International Choice Modelling Conference, International Choice Modelling Conference 2017

Font Size: 
Andrew Bwambale, Charisma F Choudhury, Stephane Hess

Last modified: 28 March 2017


Route choice modelling plays a critical role in evaluating individuals’ attitudes towards certain route attributes which helps planners to forecast transport network usage under different scenarios (1). Traditionally, data for route choice modelling has been collected by asking individuals to describe the routes taken for particular trips using paper or web-based questionnaires, however, such approaches are expensive, prone to reporting errors, and yield low response rates. This problem is particularly prevalent in Africa due to budget constraints. Recently, there has been increased advocacy for passive data collection using GPS sensors (e.g. smart phones), however, these are also expensive and data collection usually covers small samples (2). On the other hand, there has been growing interest in the use of ubiquitous data to understand travel behaviour. In particular, mobile phone data has emerged as a promising source of mobility information due to the high penetration rate of mobile phones in several parts of the world, including Africa (3).

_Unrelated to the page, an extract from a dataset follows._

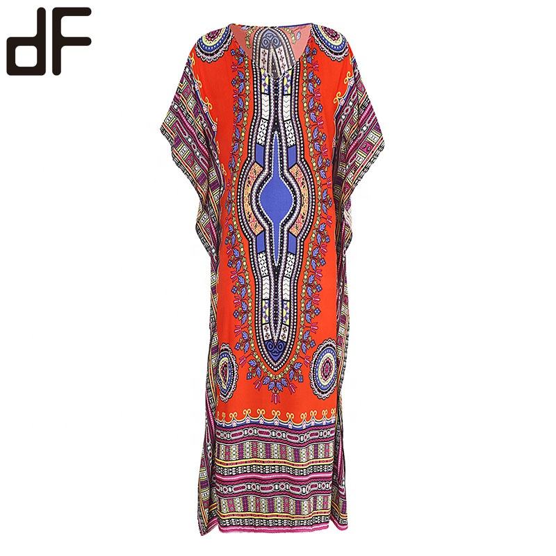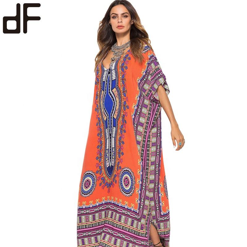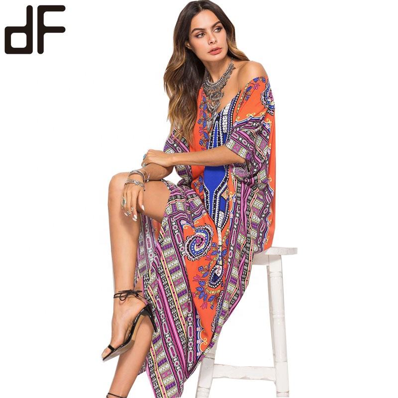 Hot Boho Dresses Women Lady Elegant Casual Clothing Straight Cut Beach Kaftan Dress Vestidos Print Dress Tunic Tops Beach Kaftan
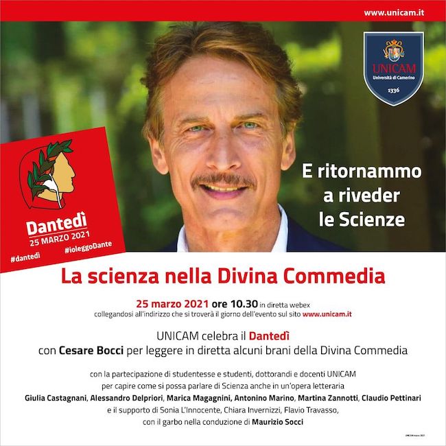 “Anche Unicam ha voluto celebrare il Dantedì, quest’anno in una edizione ancor più significativa perché avviene nel settecentesimo anniversario della morte di Dante Alighieri. Ringrazio di cuore l’amico Cesare Bocci per aver accolto senza esitazioni il nostro invito dimostrando un grande senso di appartenenza ad UNICAM, e ringrazio allo stesso modo tutte le studentesse, i dottorandi ed i colleghi che si sono subito resi disponibili e stanno preparando le loro presentazioni. Avvicinare i giovani alla scienza è fondamentale per il nostro ed il loro futuro, farlo in maniera coinvolgente ed interdisciplinare lo è ancora di più: Unicam ci crede e da tempo ha avviato una serie di iniziative di successo sulla comunicazione scientifica”.

Previous studies have used mobile phone signalling data to capture and analyse route choice behaviour (e.g. 4). Signalling data contains roughly continuous mobile phone positions associated with hand over and location area update events which occur more regularly.  Such data is however not readily available because network operators usually discard it due to storage capacity constraints. On the other hand, network operators usually maintain large scale call detail records (CDRs) for billing purposes. These observations however only contain approximate locations associated with users’ calling and texting events thereby resulting in discontinuous location information. Such discontinuities make CDRs unsuitable for inferring routes taken for short trips since the probability that users will travel from origin to destination without making calls or sending texts is high thereby making it difficult to capture critical intermediate locations needed for route identification. Besides, the location accuracy used in CDRs is not suitable for identifying local trips within network cell areas. On the other hand, there is a higher probability that users will make calls or send texts during long-distance trips which makes it easier to capture intermediate locations for route identification between regions of interest. Whereas methods of using CDRs to infer the routes taken for long-distance trips have been proposed (5), there is no study using such data to investigate the factors affecting route choice behaviour.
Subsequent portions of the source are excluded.